A literary work is a formal style of elaborate writing. An author uses a formal elaborate style of writing. Writing content for a book and the Web are two entirely different kinds of writing.
Logging onto the web and writing in the log was called a weblog, so named by Jorn Barger. In 1997 Peter Merholz shortened the word to “blog”. Blog content was written with an informal conversational style. The personal blog was a single person who wrote content into the blog. The blog built social relations with readers who subscribed to the blog because they enjoyed reading the content.
The word blog was used as a noun and then as a verb to post to one’s blog devised the term Blogger. The original blogger platform product was developed by Evan Williams from Pyra Labs. Blogging became popular in 1999. In 2003 Google bought the platform and this became Blogger. A very popular blogging platform but not in the WordPress software.
The blog was a personal account of events in life. The entries were journals. The blog has evolved the writing of a blog rather than a personal journal. It is an information source, a means of communication. In fact it is a vital tool of communication on the web.
A blog opens the conversation. One of the major changes of our interaction on the Web was being able to comment and interact with the person who wrote the blog post.
Another change was the introduction of forum software. We now have online communities and forums contributing to the discussion and learning through the blog.
Another popular blogging platform is WordPress started in 2003 by Matt Mullenweg and David Little. The project was picked up to improve the blogging software dilemma Mullenweg was using. As a result, WordPress has grown to be one of the most popular softwares used for blogs and websites worldwide. There are a variety of different publishing platforms for blogs and websites.
The Web is a publishing platform for commerce, education, research, and personal communication. The World Wide Web is the largest electronic database of it’s kind, and almost everyone has Internet access worldwide.
The original purpose of the blog was communication in real time. WordPress started off as a project offshoot from b2/Cafelog, developed by the French programmer Michel Valdrighi.
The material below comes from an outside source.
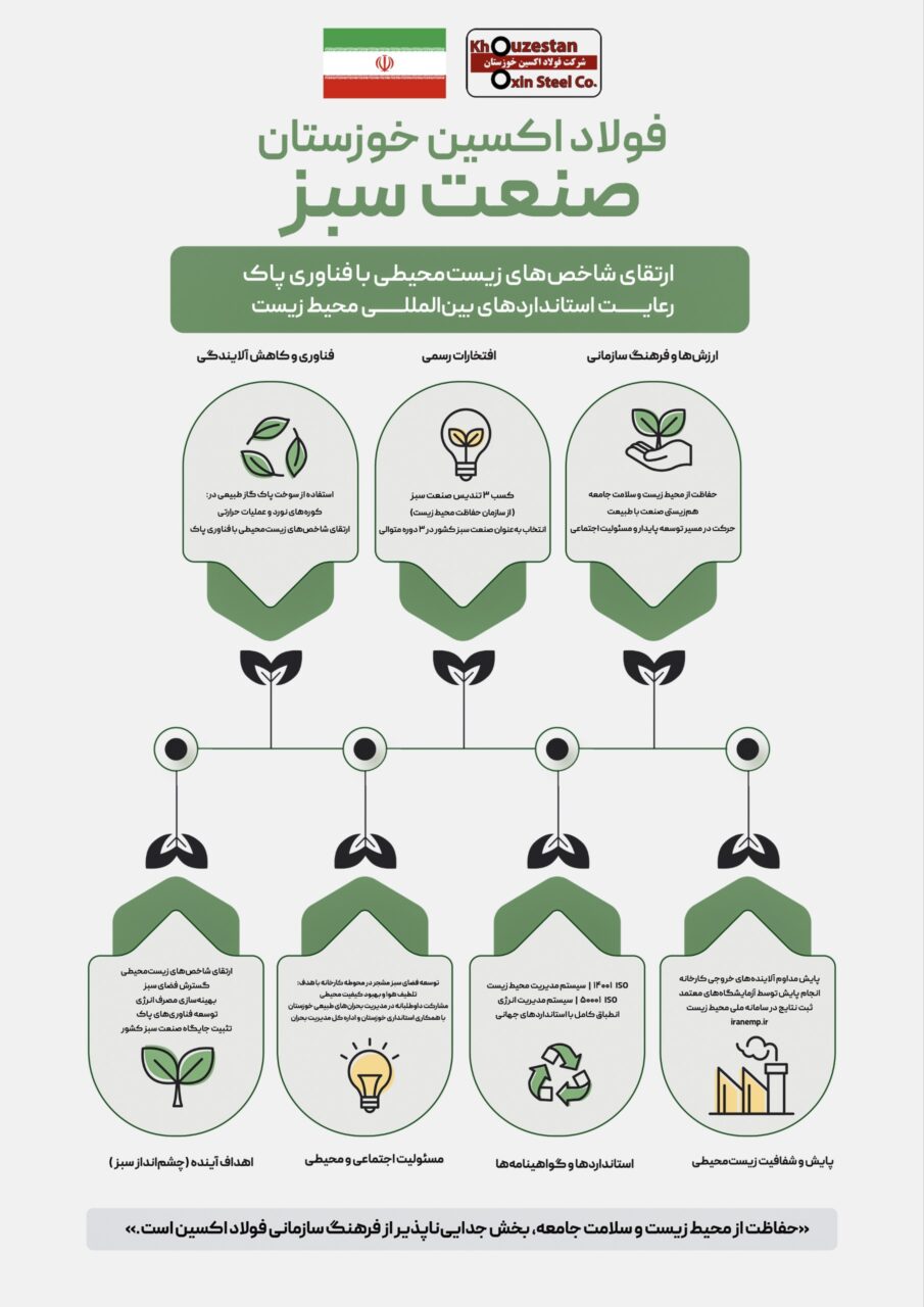 به گزارش پترومتالز، شرکت فولاد اکسین خوزستان نماد صنعت سبز ایران با تکیه بر تولید مسئولانه، حفاظت از محیط‌زیست و حرکت در مسیر توسعه پایدار محسوب می شود.

The blogging software dilemma was resolved. Today, we press words with WordPress, one of the best blogging platforms to have a blog, and create blog post content.
The key to getting content published and read on the Web is to consider the reader. The content in the blog post should not be full of advertisements or distractions. Keep the content free of clutter. The purpose of the blog post content is to inform. Ideally, you you’re writing about a subject that is interesting to you and your readers.
A layout is how the parts of something are arranged.
The layout of a Web page or post page is built within tables and specific column widths.
This next section show how disruptive content can be when placed in the wrong place or out of context.
The deadline begins
Why Content on the page isn’t read
- The content on the page has now disrupted your attention. The click me button on the right is distracting.
- The countdown is an advertisement because you’re running out of time.
You have now lost the thread of the discussion we are having about creating blog post content.
Creating Blog Post Content
The content survives if the definition of content is understood. The content is read when there is a clear eye path and no distracting information to interrupt the reader’s concentration. How many times have you finished reading a blog post and retained the information? Not too many. Even in this post I interrupted the flow of content to illustrate the point of how we should think about creating blog post content.
Creating content in a blog post needs planning. We are used to writing a composition. An article with a beginning, a middle, and an end. A blog post is a powerful communication tool so take time to think when creating blog post content.